• _TASK REQUIREMENTS_:
Reproduce the records without their pictures, keeping every word as it is.

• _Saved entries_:
━━━━

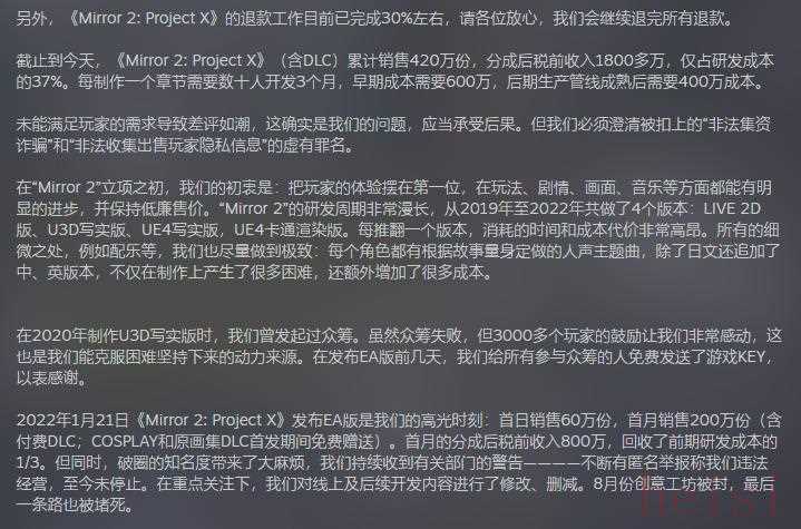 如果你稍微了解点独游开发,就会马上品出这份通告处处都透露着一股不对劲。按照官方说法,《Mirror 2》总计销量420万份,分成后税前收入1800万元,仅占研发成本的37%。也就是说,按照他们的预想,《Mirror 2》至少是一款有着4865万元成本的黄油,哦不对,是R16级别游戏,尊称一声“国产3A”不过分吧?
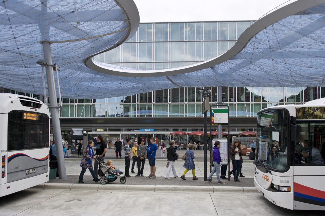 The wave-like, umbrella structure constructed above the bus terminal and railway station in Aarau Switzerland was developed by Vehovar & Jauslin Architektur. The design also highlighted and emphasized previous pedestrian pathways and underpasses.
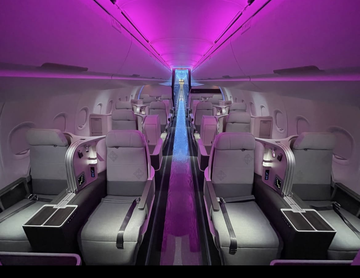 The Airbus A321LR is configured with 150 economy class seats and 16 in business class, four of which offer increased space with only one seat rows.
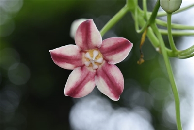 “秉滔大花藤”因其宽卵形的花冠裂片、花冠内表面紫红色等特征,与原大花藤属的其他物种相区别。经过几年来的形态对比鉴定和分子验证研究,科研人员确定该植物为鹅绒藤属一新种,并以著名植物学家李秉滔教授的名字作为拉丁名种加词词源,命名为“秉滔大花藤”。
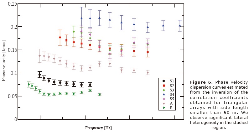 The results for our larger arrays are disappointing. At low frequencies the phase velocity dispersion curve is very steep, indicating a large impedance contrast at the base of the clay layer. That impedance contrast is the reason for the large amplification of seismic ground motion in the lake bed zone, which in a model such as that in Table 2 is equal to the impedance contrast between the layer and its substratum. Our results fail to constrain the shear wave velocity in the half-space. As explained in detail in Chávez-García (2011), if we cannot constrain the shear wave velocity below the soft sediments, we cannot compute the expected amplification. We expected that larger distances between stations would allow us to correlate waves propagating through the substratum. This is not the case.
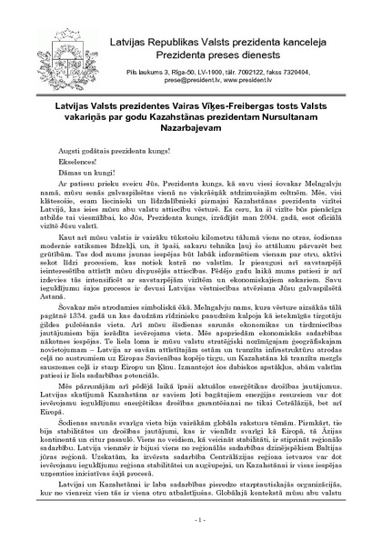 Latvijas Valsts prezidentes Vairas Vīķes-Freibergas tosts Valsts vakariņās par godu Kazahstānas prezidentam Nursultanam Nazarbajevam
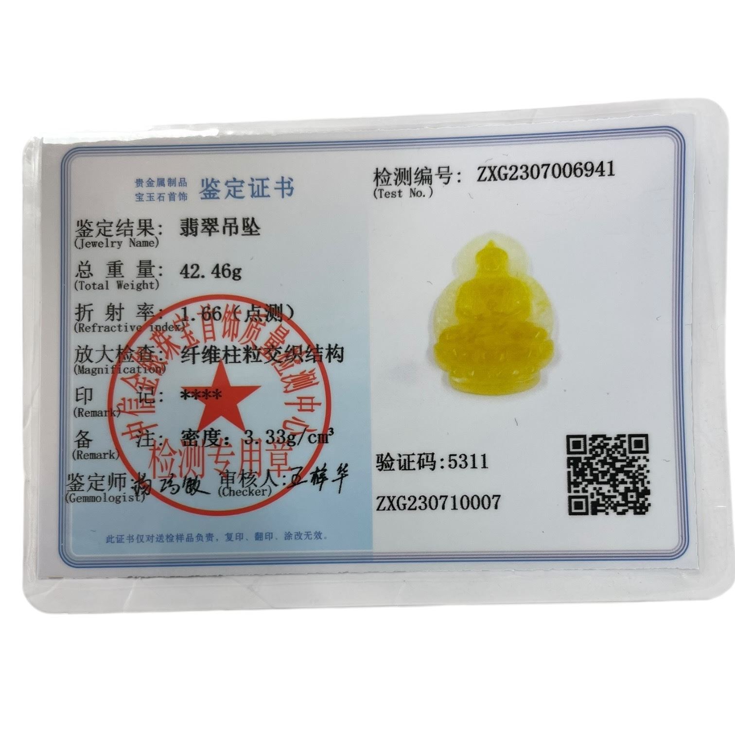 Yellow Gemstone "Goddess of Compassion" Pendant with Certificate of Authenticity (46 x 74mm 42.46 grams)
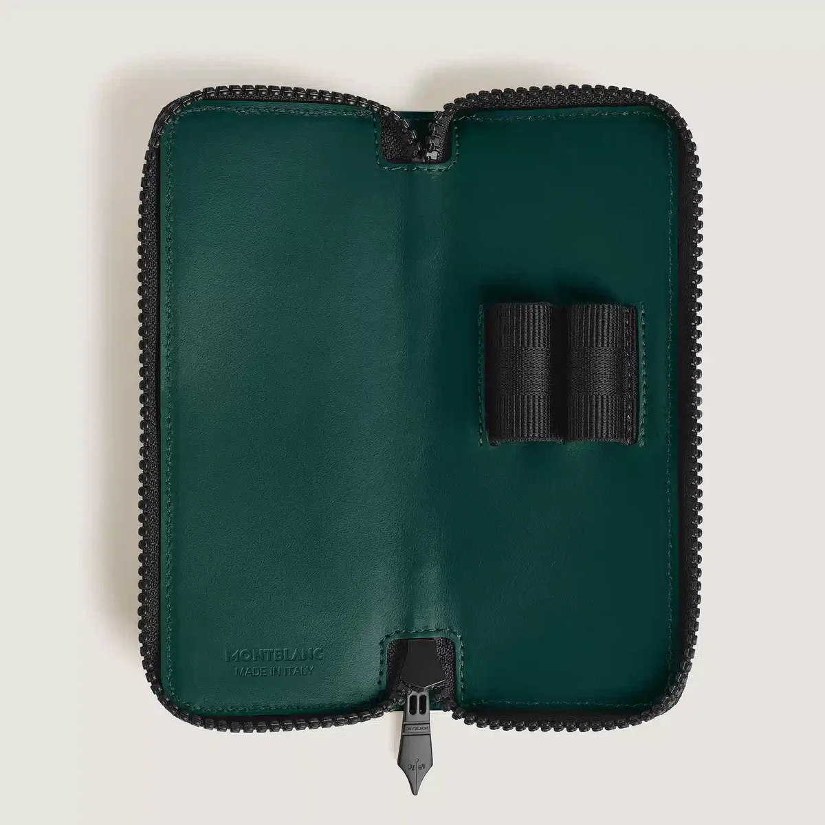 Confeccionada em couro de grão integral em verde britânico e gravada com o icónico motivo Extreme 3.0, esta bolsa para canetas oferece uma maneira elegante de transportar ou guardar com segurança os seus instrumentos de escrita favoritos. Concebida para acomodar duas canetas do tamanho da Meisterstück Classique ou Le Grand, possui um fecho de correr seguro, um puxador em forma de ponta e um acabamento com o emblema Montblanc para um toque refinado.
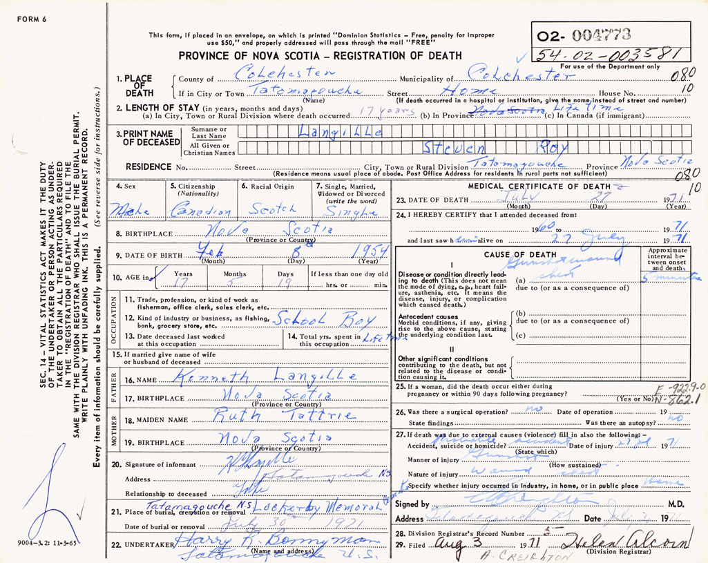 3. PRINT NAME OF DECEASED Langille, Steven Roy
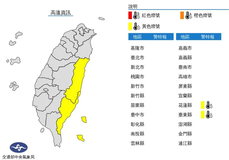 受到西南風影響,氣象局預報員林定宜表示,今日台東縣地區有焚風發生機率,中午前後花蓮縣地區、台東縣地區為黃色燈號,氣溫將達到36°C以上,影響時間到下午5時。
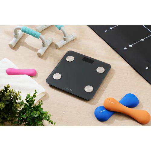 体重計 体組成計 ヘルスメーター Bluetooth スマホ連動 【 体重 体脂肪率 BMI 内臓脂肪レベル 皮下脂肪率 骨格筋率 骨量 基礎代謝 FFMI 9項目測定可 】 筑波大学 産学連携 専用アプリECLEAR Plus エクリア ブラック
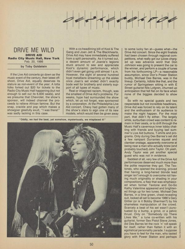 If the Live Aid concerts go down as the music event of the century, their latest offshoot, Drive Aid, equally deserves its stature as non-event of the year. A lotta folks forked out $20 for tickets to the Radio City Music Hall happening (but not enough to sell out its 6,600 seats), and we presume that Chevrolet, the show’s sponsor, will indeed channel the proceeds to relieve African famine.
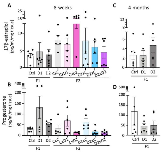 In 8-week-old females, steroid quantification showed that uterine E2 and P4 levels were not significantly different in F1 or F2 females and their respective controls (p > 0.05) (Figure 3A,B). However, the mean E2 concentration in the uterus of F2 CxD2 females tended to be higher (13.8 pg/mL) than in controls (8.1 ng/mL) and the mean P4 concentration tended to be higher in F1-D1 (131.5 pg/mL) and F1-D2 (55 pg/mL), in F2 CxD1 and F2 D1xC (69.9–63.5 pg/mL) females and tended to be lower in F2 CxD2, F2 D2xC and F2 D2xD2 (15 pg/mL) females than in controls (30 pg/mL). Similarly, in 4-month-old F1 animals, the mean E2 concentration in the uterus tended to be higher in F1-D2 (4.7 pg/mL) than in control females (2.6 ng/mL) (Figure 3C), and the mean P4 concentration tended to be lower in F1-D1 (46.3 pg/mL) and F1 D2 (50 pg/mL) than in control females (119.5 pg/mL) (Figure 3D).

━━━━

• _WRITTEN ANSWER_:
 如果你稍微了解点独游开发,就会马上品出这份通告处处都透露着一股不对劲。按照官方说法,《Mirror 2》总计销量420万份,分成后税前收入1800万元,仅占研发成本的37%。也就是说,按照他们的预想,《Mirror 2》至少是一款有着4865万元成本的黄油,哦不对,是R16级别游戏,尊称一声“国产3A”不过分吧?
 The wave-like, umbrella structure constructed above the bus terminal and railway station in Aarau Switzerland was developed by Vehovar & Jauslin Architektur. The design also highlighted and emphasized previous pedestrian pathways and underpasses.
 The Airbus A321LR is configured with 150 economy class seats and 16 in business class, four of which offer increased space with only one seat rows.
 “秉滔大花藤”因其宽卵形的花冠裂片、花冠内表面紫红色等特征,与原大花藤属的其他物种相区别。经过几年来的形态对比鉴定和分子验证研究,科研人员确定该植物为鹅绒藤属一新种,并以著名植物学家李秉滔教授的名字作为拉丁名种加词词源,命名为“秉滔大花藤”。
 The results for our larger arrays are disappointing. At low frequencies the phase velocity dispersion curve is very steep, indicating a large impedance contrast at the base of the clay layer. That impedance contrast is the reason for the large amplification of seismic ground motion in the lake bed zone, which in a model such as that in Table 2 is equal to the impedance contrast between the layer and its substratum. Our results fail to constrain the shear wave velocity in the half-space. As explained in detail in Chávez-García (2011), if we cannot constrain the shear wave velocity below the soft sediments, we cannot compute the expected amplification. We expected that larger distances between stations would allow us to correlate waves propagating through the substratum. This is not the case.
 Latvijas Valsts prezidentes Vairas Vīķes-Freibergas tosts Valsts vakariņās par godu Kazahstānas prezidentam Nursultanam Nazarbajevam
 Yellow Gemstone "Goddess of Compassion" Pendant with Certificate of Authenticity (46 x 74mm 42.46 grams)
 Confeccionada em couro de grão integral em verde britânico e gravada com o icónico motivo Extreme 3.0, esta bolsa para canetas oferece uma maneira elegante de transportar ou guardar com segurança os seus instrumentos de escrita favoritos. Concebida para acomodar duas canetas do tamanho da Meisterstück Classique ou Le Grand, possui um fecho de correr seguro, um puxador em forma de ponta e um acabamento com o emblema Montblanc para um toque refinado.
 3. PRINT NAME OF DECEASED Langille, Steven Roy
 受到西南風影響,氣象局預報員林定宜表示,今日台東縣地區有焚風發生機率,中午前後花蓮縣地區、台東縣地區為黃色燈號,氣溫將達到36°C以上,影響時間到下午5時。
 体重計 体組成計 ヘルスメーター Bluetooth スマホ連動 【 体重 体脂肪率 BMI 内臓脂肪レベル 皮下脂肪率 骨格筋率 骨量 基礎代謝 FFMI 9項目測定可 】 筑波大学 産学連携 専用アプリECLEAR Plus エクリア ブラック
 If the Live Aid concerts go down as the music event of the century, their latest offshoot, Drive Aid, equally deserves its stature as non-event of the year. A lotta folks forked out $20 for tickets to the Radio City Music Hall happening (but not enough to sell out its 6,600 seats), and we presume that Chevrolet, the show’s sponsor, will indeed channel the proceeds to relieve African famine.
 In 8-week-old females, steroid quantification showed that uterine E2 and P4 levels were not significantly different in F1 or F2 females and their respective controls (p > 0.05) (Figure 3A,B). However, the mean E2 concentration in the uterus of F2 CxD2 females tended to be higher (13.8 pg/mL) than in controls (8.1 ng/mL) and the mean P4 concentration tended to be higher in F1-D1 (131.5 pg/mL) and F1-D2 (55 pg/mL), in F2 CxD1 and F2 D1xC (69.9–63.5 pg/mL) females and tended to be lower in F2 CxD2, F2 D2xC and F2 D2xD2 (15 pg/mL) females than in controls (30 pg/mL). Similarly, in 4-month-old F1 animals, the mean E2 concentration in the uterus tended to be higher in F1-D2 (4.7 pg/mL) than in control females (2.6 ng/mL) (Figure 3C), and the mean P4 concentration tended to be lower in F1-D1 (46.3 pg/mL) and F1 D2 (50 pg/mL) than in control females (119.5 pg/mL) (Figure 3D).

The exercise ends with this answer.